IMPORTANT – The 'colour inside' logo on the cover page of this publication indicates
that it contains colours which are considered to be useful for the correct
understanding of its contents. Users should therefore print this document using a
colour printer.
INTRODUCTION
Efficient engineering and reliable operation of automated plants strongly depend on clear and
unambiguous description of regulatory controls and logic interlocks. For regulatory controls
this description can typically be done for example via process flow diagrams and P&IDs
(ISO 10628), which are accepted by process and I&C staff in engineering and operation of
manufacturing and process plants. Regarding logic interlocks the widely distributed logic or
functional diagrams are very often regarded by process engineers and plant operators as too
complex (especially when using the fail-safe principle) and overloaded with detailed
information.
This document describes a simple and widely accepted method to document logic interlocks
in process and manufacturing industries – the "cause and effect matrix" (C&E matrix). C&E
matrices can be applied with minimal previous knowledge and easy handling to describe the
functions required for controlling a process independently from the automation platform used.

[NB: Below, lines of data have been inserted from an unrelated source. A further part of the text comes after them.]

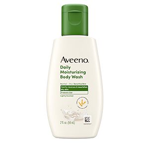 The 2-Ounce Aveeno Daily Moisturizing Body Wash for Dry & Sensitive Skin is currently on sale at Amazon.
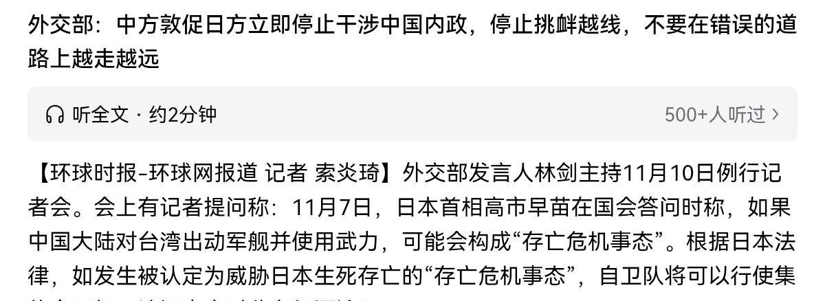 我们外交部出来回应了!对于高市早苗的言论,11月10日,我们的外交部发言人表示,
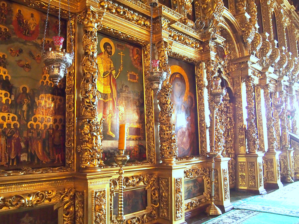 「ウスペンスキー聖堂」と、中央に柱などの支えが無いロシア最大規模の室内空間「聖セルギイの食堂」のイコンは壮観な造りでした。
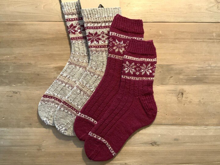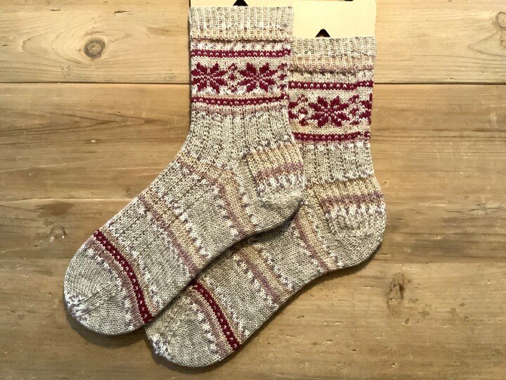 „Donia“, sind Socken mit einem klassischen winterlichen Fair-Isle-Muster, das durch ein einfaches Rippenmuster ergänzt wird. Aus einem Knäul unifarbener und einem Knäul musterbildender Sockenwolle (jeweils 100 g) kann man 2 Paar Socken stricken, ein Paar mit einem uni-Hintergrund, das andere Paar hat den musterbildenden Hintergrund. Ich habe die Ferse als Herzchenferse (mit Doppel-maschen) mit verstärkter Fersen-wand gearbeitet und eine Band-spitze gestrickt und beschrieben. Ferse und Spitze können jedoch auch anders ausgeführt werden. Die Anleitung enthält Angabe für die Größen 36 bis 47, lässt sich aber ganz einfach auch für andere Größen abwandeln, da das Rippen-muster einen Rapport von 4 Maschen umfasst.
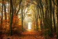 Pad door het herfstbos, Nederland. De herfst is toch wel het mooiste seizoen als het gaat om fotografie. In Nederland hebben we prachtige bossen en ik ben daar dan ook elk jaar weer te vinden rond die tijd van het jaar. De roestbruine kleuren of geel en oranje schakeringen geven je een verlichtend gevoel. Je loopt bijna zwevend door de bossen. Extra speciaal omdat de herfst maar kortstondig valt te beleven. Ik hoop met mijn platen die sfeer over te brengen voor de kijker en elk werk van mij dat in de huiskamers hangt het gevoel oproept om een heerlijke boswandeling te gaan maken.
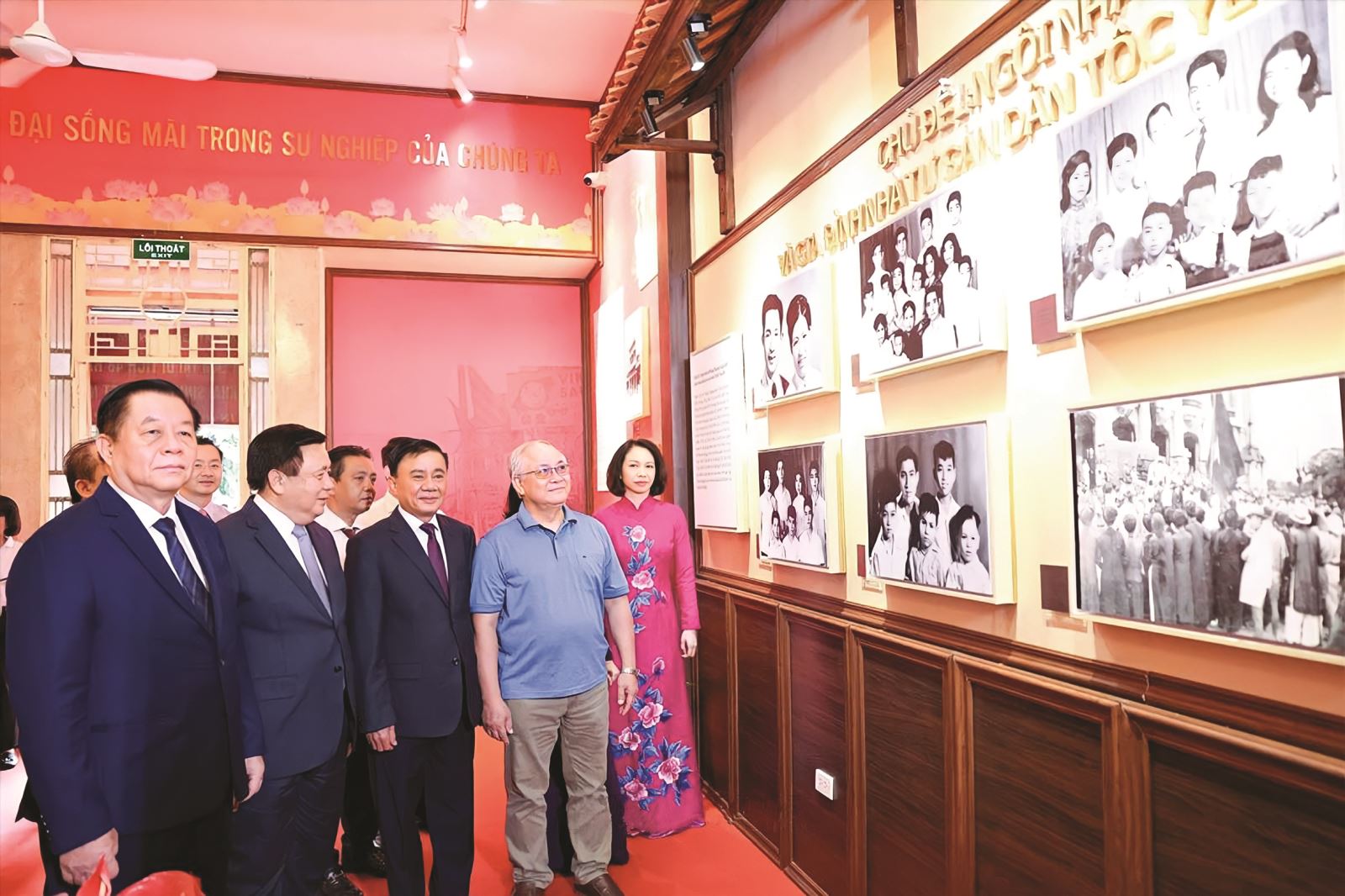 Đồng chí Trần Cẩm Tú, Ủy viên Bộ Chính trị, Thường trực Ban Bí thư cùng các đại biểu tham quan trưng bày tại di tích 48 Hàng Ngang (18/8/2025) - Ảnh: Thanh Tùng /TTXVN
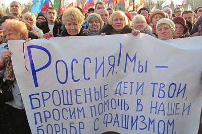 У России было куда больше оснований встать на защиту русско-говорящего населения юго-востока Украины, где весной 2014 года прокатилась массовая волна демонстраций. Жители не приняли киевскую хунту, захватившую власть посредством государственного переворота. Русскоговорящее население страны резко отреагировало и на отмену закона о региональных языках.

They enable a sound understanding of the required relation from a process point of view
without the need of detailed knowledge of the platform specific corresponding PLC/DCS
program logic.
During the entire life cycle of a plant (e.g. engineering, commissioning, start-up and operation)
C&E matrices are very useful to illustrate the functionalities of package units and their
interfaces to related sections of the plant. In particular they support the fulfilment of legal or
insurance requirements (e.g. governmental regulations, fire and gas regulations, machinery
directives such as IEC 62061). It is possible to find C&E matrices included in other types of
documents, for example fire protection datasheets but still the principle of identification of the
cause and the effects and their logical relations defined in an intersection applies.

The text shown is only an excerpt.